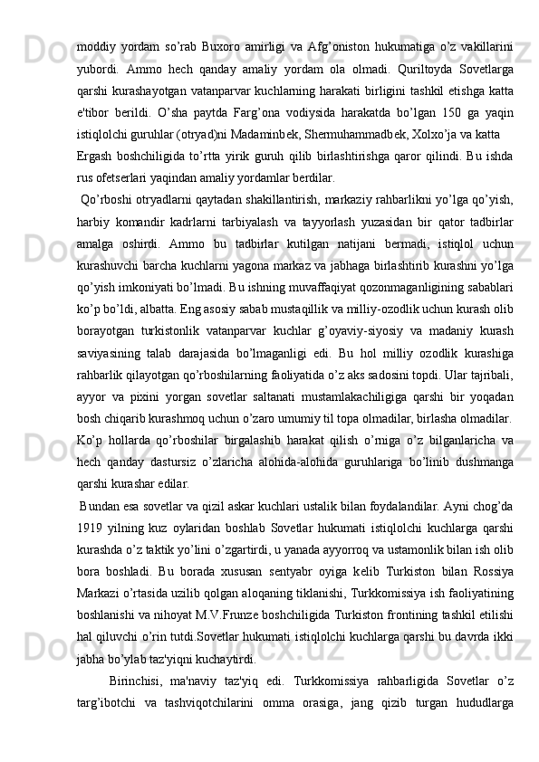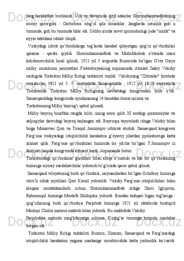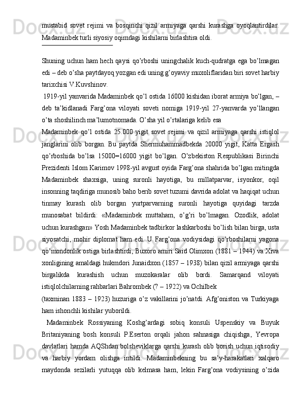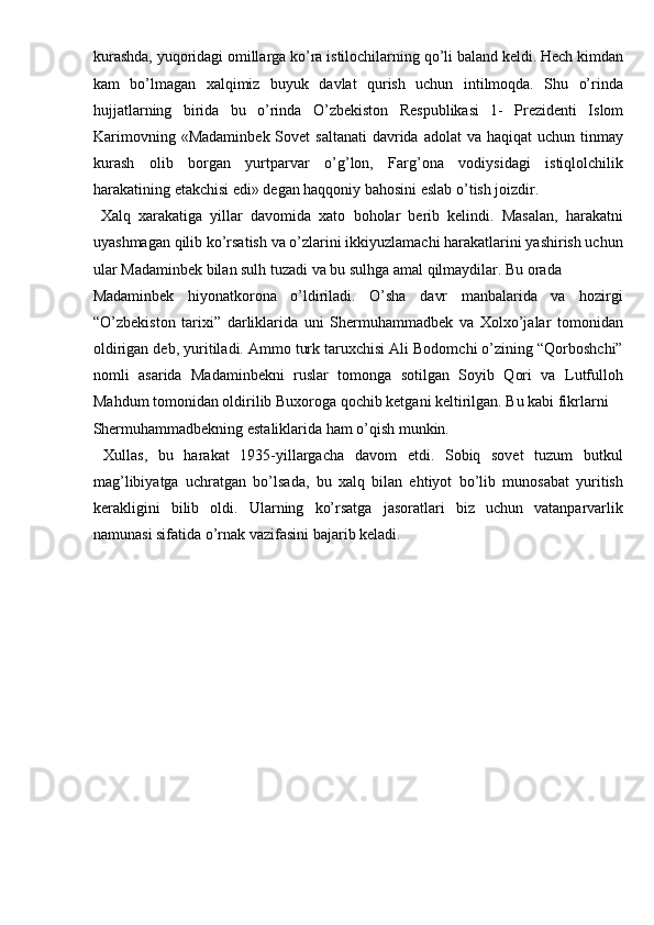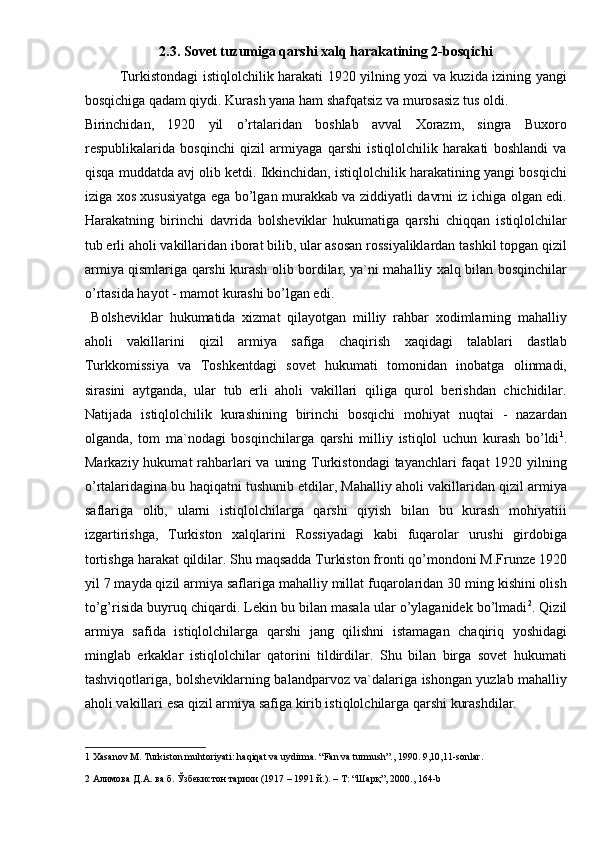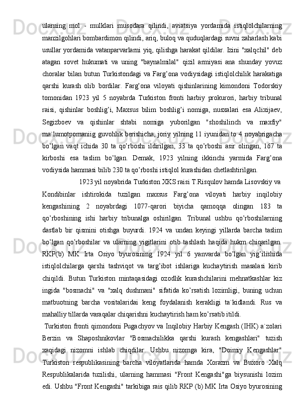 Bolsheviklar tuzumiga qarshi kurash harakatlari
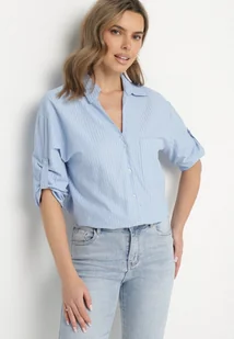 Jasnoniebieska Koszula Bawełniana w Delikatne Prążki Lissse
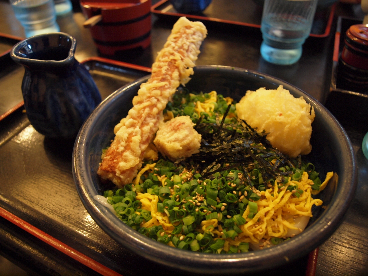 手打ちの麺に、冷たいor暖かいお汁とトッピングを乗せて食べるシンプルなタイプ。
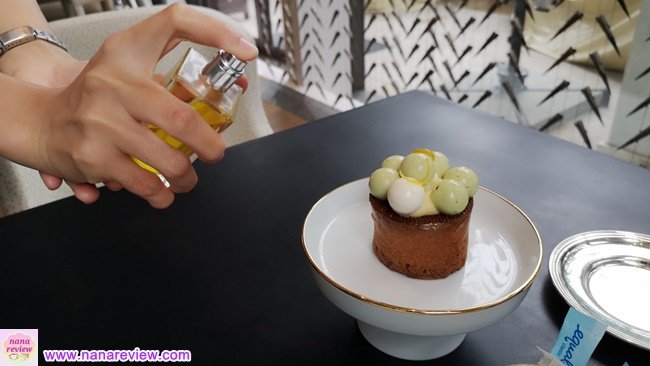 สามารถเพิ่มรสชาติได้ด้วยโดยพนักงานจะนำสเปรย์กลิ่น 3 กลิ่นมาให้เลือกฉีดใส่ไปที่ขนมค่ะ มีกลิ่น ซินนามอน, สับปะรด และ มะม่วง ค่ะ
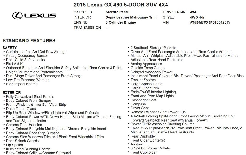 Discover the perfect blend of luxury, capability, and convenience in this stunning 2015 Lexus GX 460 4WD. Experience the unparalleled refinement and performance that only a Lexus can deliver. Schedule a test drive today and see for yourself why this GX is the ultimate SUV choice.
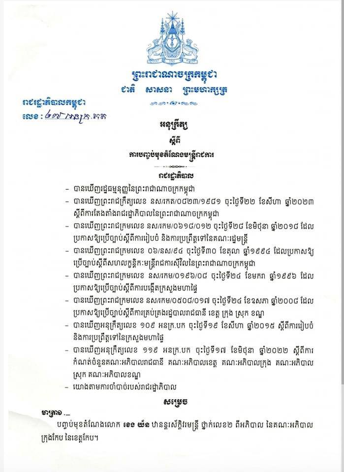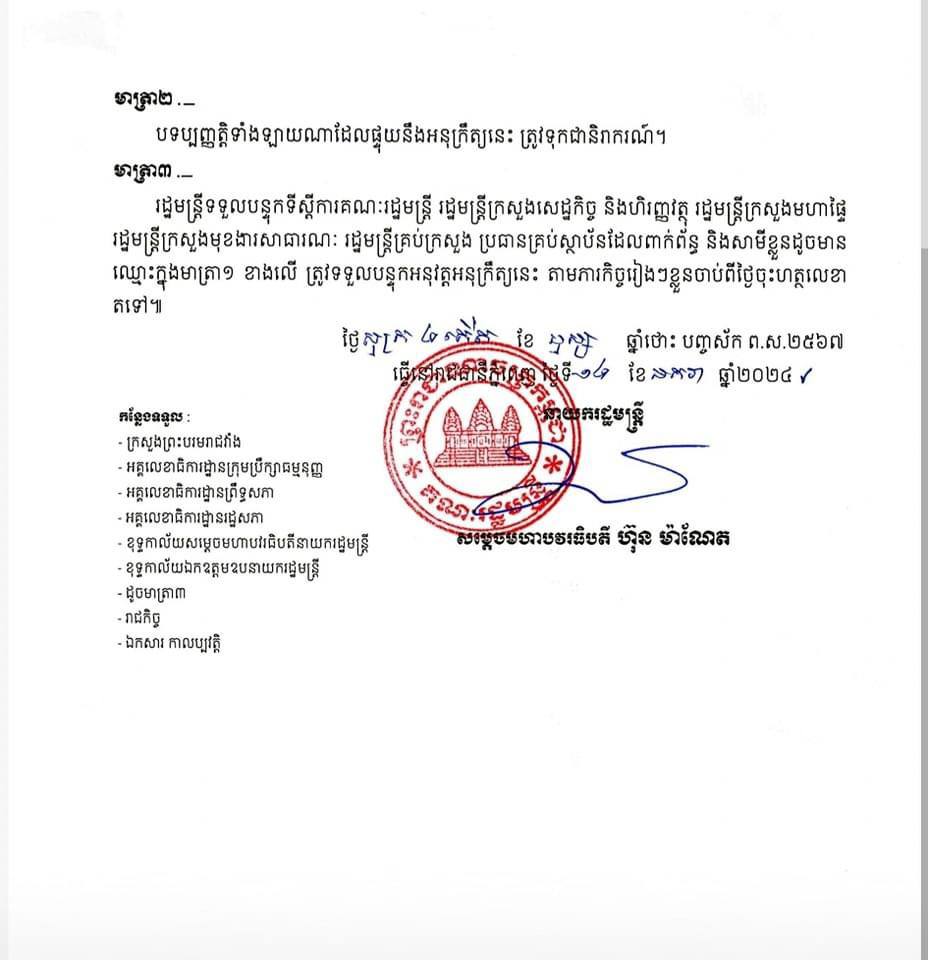 សម្តេចធិបតី ហ៊ុន ម៉ាណែត បានបង្ហោះអនុក្រឹត្យបញ្ចប់មុខតំណែង ជាមួយនឹងខ្លឹមសារទាំងស្រុងដូចខាងក្រោម៖
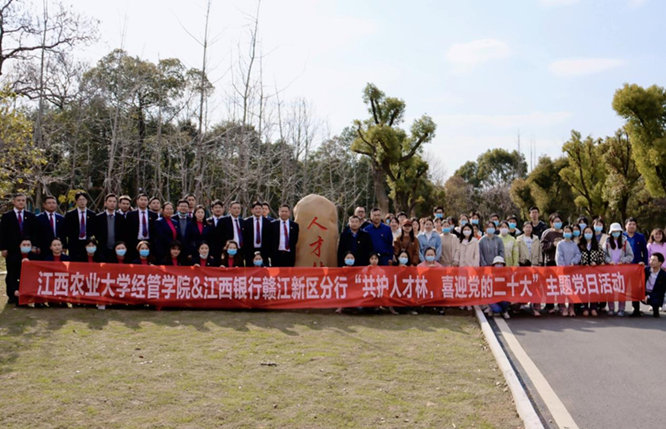 为提高党员爱绿护绿意识,进一步美化校园环境,3月10日下午,在第44个植树节即将到来之际,经济管理学院与江西银行共同开展“共护人才林,喜迎二十大”主题党日活动。
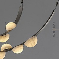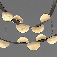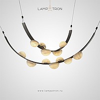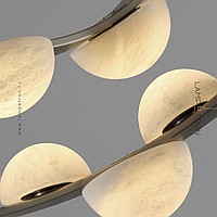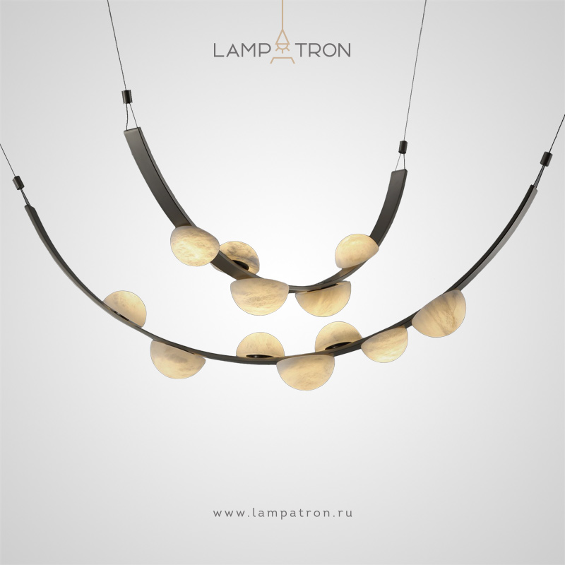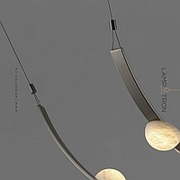 Composition of pendant lamps with semicircular marble diffusers on a U-shaped strip metal base

+++

WHAT IS REQUIRED
Exclude the pictures and reproduce every entry exactly.

RESPONSE TO THIS EXERCISE
 Bolsheviklar tuzumiga qarshi kurash harakatlari
 Jasnoniebieska Koszula Bawełniana w Delikatne Prążki Lissse
 手打ちの麺に、冷たいor暖かいお汁とトッピングを乗せて食べるシンプルなタイプ。
 สามารถเพิ่มรสชาติได้ด้วยโดยพนักงานจะนำสเปรย์กลิ่น 3 กลิ่นมาให้เลือกฉีดใส่ไปที่ขนมค่ะ มีกลิ่น ซินนามอน, สับปะรด และ มะม่วง ค่ะ
 Discover the perfect blend of luxury, capability, and convenience in this stunning 2015 Lexus GX 460 4WD. Experience the unparalleled refinement and performance that only a Lexus can deliver. Schedule a test drive today and see for yourself why this GX is the ultimate SUV choice.
 សម្តេចធិបតី ហ៊ុន ម៉ាណែត បានបង្ហោះអនុក្រឹត្យបញ្ចប់មុខតំណែង ជាមួយនឹងខ្លឹមសារទាំងស្រុងដូចខាងក្រោម៖
 为提高党员爱绿护绿意识,进一步美化校园环境,3月10日下午,在第44个植树节即将到来之际,经济管理学院与江西银行共同开展“共护人才林,喜迎二十大”主题党日活动。
 Composition of pendant lamps with semicircular marble diffusers on a U-shaped strip metal base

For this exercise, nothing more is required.